In a recent article, Democrat Senator Chris Murphy of Connecticut wrote: “For three years, the United States has supported a coalition led by Saudi Arabia that is waging war inside Yemen, trying to oust a rebel government made up of members of the Houthi tribe. Our role in the coalition is significant – we sell bombs and weapons to the Saudis, we help them pick targets inside Yemen, and until recently, we refuelled their planes in the sky … it’s clear that the US is engaged in a war in Yemen.

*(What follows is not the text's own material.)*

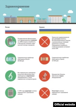 "Любой желающий может распечатать с сайта, расположенного по адресу http://zapobedu.com.ua, и распространить агитационные материалы – листовки, значки, стикеры, плакаты. Инфографика, размещенная на портале, дает наглядное представление о развитии здравоохранения, образования, пенсионной системы, мер социальной защиты в России и на Украине, их основные цифровые показатели даны в сравнении".

And yet this war has not been authorised or debated by Congress”. He went on to say how US involvement started quietly under Barack Obama, and increased under Donald Trump, with more than 10,000 civilians killed in the Saudi-led bombing campaign since the beginning of the civil war. “Targets have included schools, hospitals, weddings, a funeral party and recently a school bus carrying 38 children to a field trip”, he wrote.

Tragically, Trump’s unassailable relationship with the kingdom provides little hope for those starving children. Instead of trying to stop the carnage by ceasing arms sales to Saudi Arabia and using his political capital on the international stage to break the humanitarian assistance blockade, the president remains silent. Worse than that, as if to accentuate his apathy, he spends millions on vacations.